It often happens that if something is shown to be of benefit, others jump on the band wagon to claim those benefits by association. Remember all the fuss over red wine’s health benefits? Resveratrol, the substance from grape seeds was studied. Pretty soon everyone started believing red wine was a health food. (It can be in moderation). This is the point that is often missed in many cases involving food and nutritional supplements.
In the case of energy drinks, the beverage industry is looking for anything that offers a ray of hope to stave off increased regulation. Consumers require some perspective when the conversation turns to regulation.

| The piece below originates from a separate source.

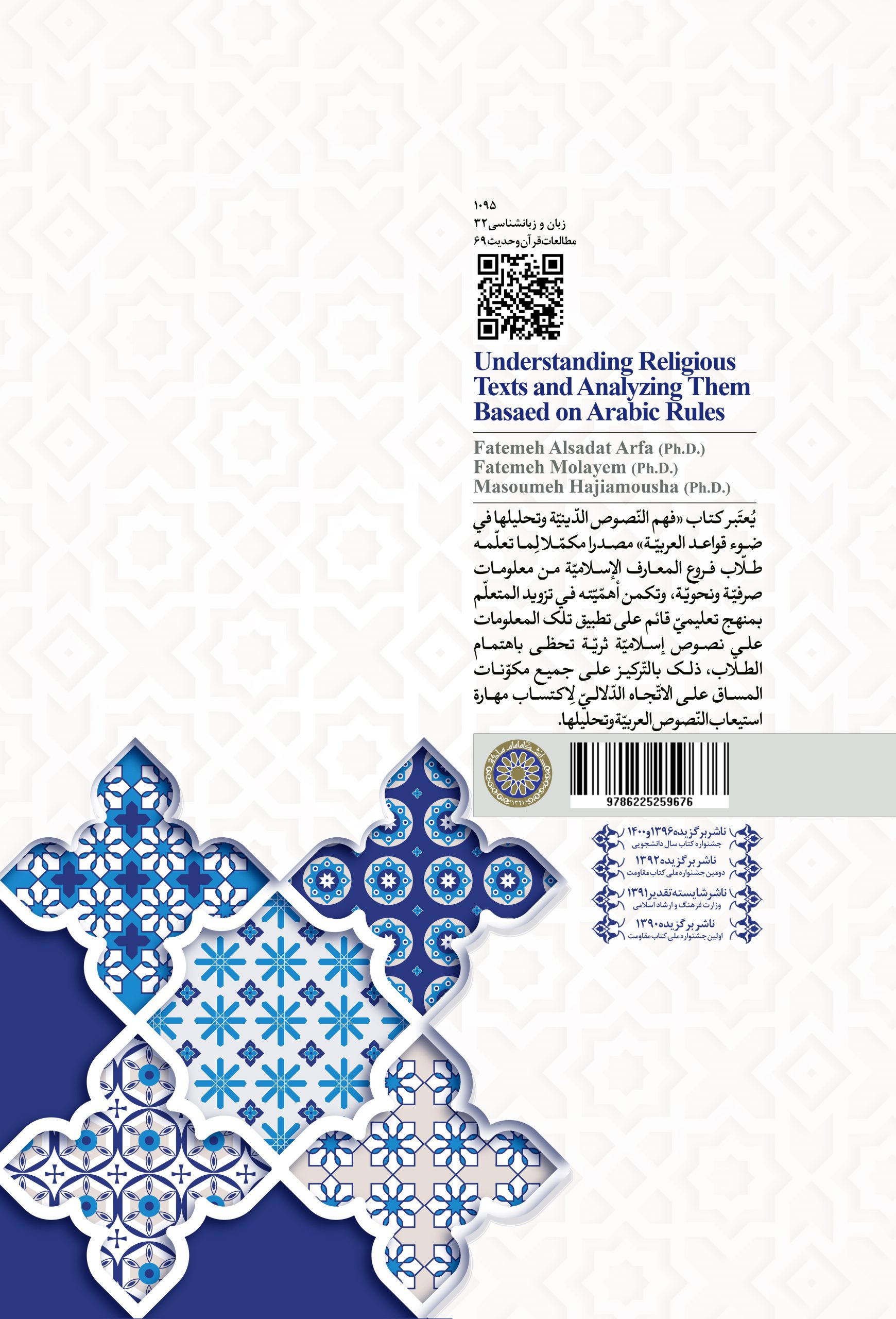 کتاب «فهم متون دینی و تحلیل آنها در پرتو قواعد زبان عربی» منبعی تکمیلی برای آنچه دانشجویان شاخههای معارف اسلامی از اطلاعات صرفی و نحوی میآموزند، به شمار میرود. اهمیت آن در این است که با روشی آموزشی، یادگیرنده را در بهکارگیری آن آموختهها در متون اسلامی اصیل یاری میدهد. این کتاب با تمرکز بر همهی جنبههای معنایی، به دانشجو کمک میکند تا مهارت درک و تحلیل متون عربی را به دست آورد.

Nine out of ten poisoning deaths in the U.S. related to prescription drugs. In 2006, 275 adverse supplement reactions were reported. Of those 275 dietary supplements calls, 41% involved symptomatic exposures; and two-thirds were rated as probably or possibly related to supplement use. Eight adverse events required hospital admission. Sympathomimetic toxicity was most common, with caffeine products accounting for 47%.
So it’s not surprising that a small study showing that coffee may help perk up your blood vessels gets taken out of context and gets applied to an entire beverage category. After all, it’s caffeine and caffeine is good. Must be true that more caffeine is better.
It follows that products with caffeine or caffeine related substances would jump on the band wagon to tout the health benefits even if none exist. Coffee is a natural substance with complex phytonutrients. Those substances work synergistically in our bodies to deliver the benefits to human health. Just because a product formulation includes healthy individual ingredients, it doesn’t necessarily follow that the consumer is getting the same health benefits those substances were proven to have.